Content starts

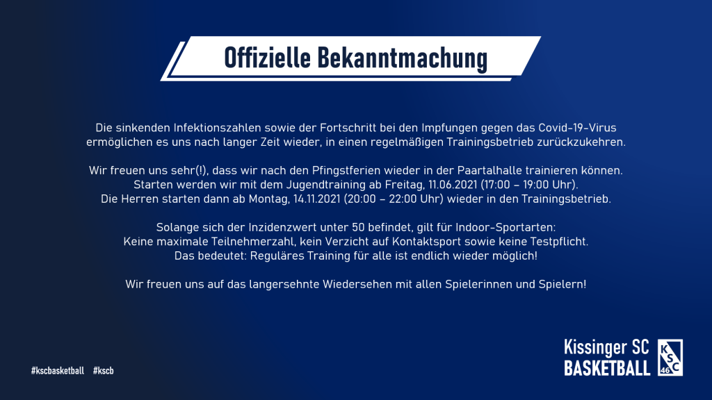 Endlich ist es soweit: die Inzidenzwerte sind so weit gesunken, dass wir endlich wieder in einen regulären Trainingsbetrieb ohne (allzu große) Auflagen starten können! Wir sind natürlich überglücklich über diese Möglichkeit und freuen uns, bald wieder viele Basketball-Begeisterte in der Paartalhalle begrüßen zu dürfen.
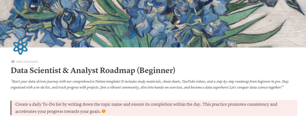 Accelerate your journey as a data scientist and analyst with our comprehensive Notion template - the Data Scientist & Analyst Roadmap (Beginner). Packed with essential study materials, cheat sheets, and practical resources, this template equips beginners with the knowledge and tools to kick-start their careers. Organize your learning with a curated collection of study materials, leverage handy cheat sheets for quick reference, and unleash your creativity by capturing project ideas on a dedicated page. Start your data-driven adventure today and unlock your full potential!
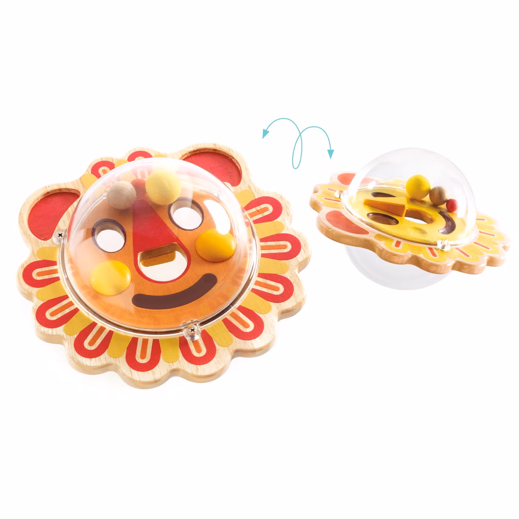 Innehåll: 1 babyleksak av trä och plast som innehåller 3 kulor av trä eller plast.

Content ends

■ Work required: Starting at the line that contains "Accelerate your journey" and ending at the final line of the data, reproduce each line exactly. Pictures stay out of the copy.

■ Task answer:
 Accelerate your journey as a data scientist and analyst with our comprehensive Notion template - the Data Scientist & Analyst Roadmap (Beginner). Packed with essential study materials, cheat sheets, and practical resources, this template equips beginners with the knowledge and tools to kick-start their careers. Organize your learning with a curated collection of study materials, leverage handy cheat sheets for quick reference, and unleash your creativity by capturing project ideas on a dedicated page. Start your data-driven adventure today and unlock your full potential!
 Innehåll: 1 babyleksak av trä och plast som innehåller 3 kulor av trä eller plast.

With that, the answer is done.